April 1, 2019 –
Title: Computational Methods for the Analysis of Single Cell RNA-Seq Data.
PhD Candidate: Marmar Moussa
Major Advisor: Dr. Ion Mandoiu
Associate Advisors: Dr. Mukul Bansal, Dr. Sheida Nabavi
Day/Time: Monday, April 1st, 2019 10:00 AM
Location: Homer Babbidge Library Class of 1947 Conference Room
Single cell transcriptional profiling is critical for understanding cellular heterogeneity and identification of novel cell types as well as for studying growth and development of tissues and tumors. Leveraging the recent advances in single cell RNA sequencing (scRNA-Seq) technology requires novel computational methods that are robust to high levels of technical and biological noise and scale to datasets of millions of cells.
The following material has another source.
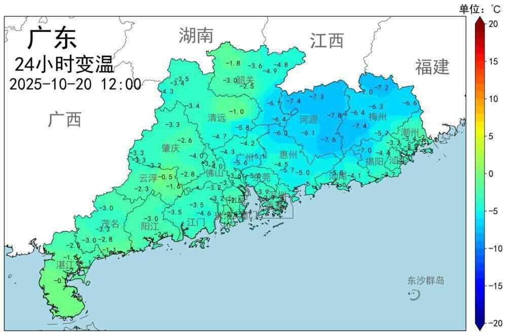 根据广东省气象部门监测,19日白天,韶关、清远、肇庆、云浮、河源北部最高气温较18日下降了4~7℃,其余市县下降了1~4℃。20日早晨,除梅州南部和粤东市县最低气温较19日上升了1℃左右,其余市县下降了2~4℃。其中河源、韶关和云浮、肇庆、清远三市的北部介于17~21℃,梅州南部、粤东、珠三角南部和雷州半岛南部市县介于23~27℃,其余大部分市县介于21~23℃,清远连山录得全省最低气温17.4℃。另外,粤北山区、珠三角、南部沿海市县已出现5~7级阵风。截至20日12时,包括梅州南部、粤东市县在内的广东所有国家基本气象站,均处于24小时同比降温状态。

In this work, we address several challenges in the analysis work-flow of scRNA-seq data: First, we propose novel computational approaches for unsupervised clustering of scRNA-seq data based on the Term Frequency - Inverse Document Frequency (TF-IDF) (a transformation that has been successfully used in the field of text analysis). For this part, we present empirical experimental results showing that TF-IDF methods consistently outperform commonly used scRNA-Seq clustering approaches. Second, we study the so called ‘drop-out’ effect that is considered one of the most notable challenges in scRNA-Seq data analysis, where only a fraction of the transcriptome of each cell is captured. The random nature of drop-outs, however, makes it possible to consider imputation methods as means of correcting for drop-outs. In this part we study some existing scRNA-Seq imputation methods and propose a novel iterative imputation approach (LSImpute) based on efficiently computing highly similar cells using LSH (Locality Sensitive Hashing). We then present the results of a comprehensive assessment of existing and proposed methods on real scRNA-Seq datasets with varying per cell sequencing depths. Third, we present a computational method for assigning and/or ordering cells based on their cell-cycle stages from single-cell transcriptome data. And finally, we present a web-based interactive computational work-flow for the analysis and visualization of single-cell RNA-seq data.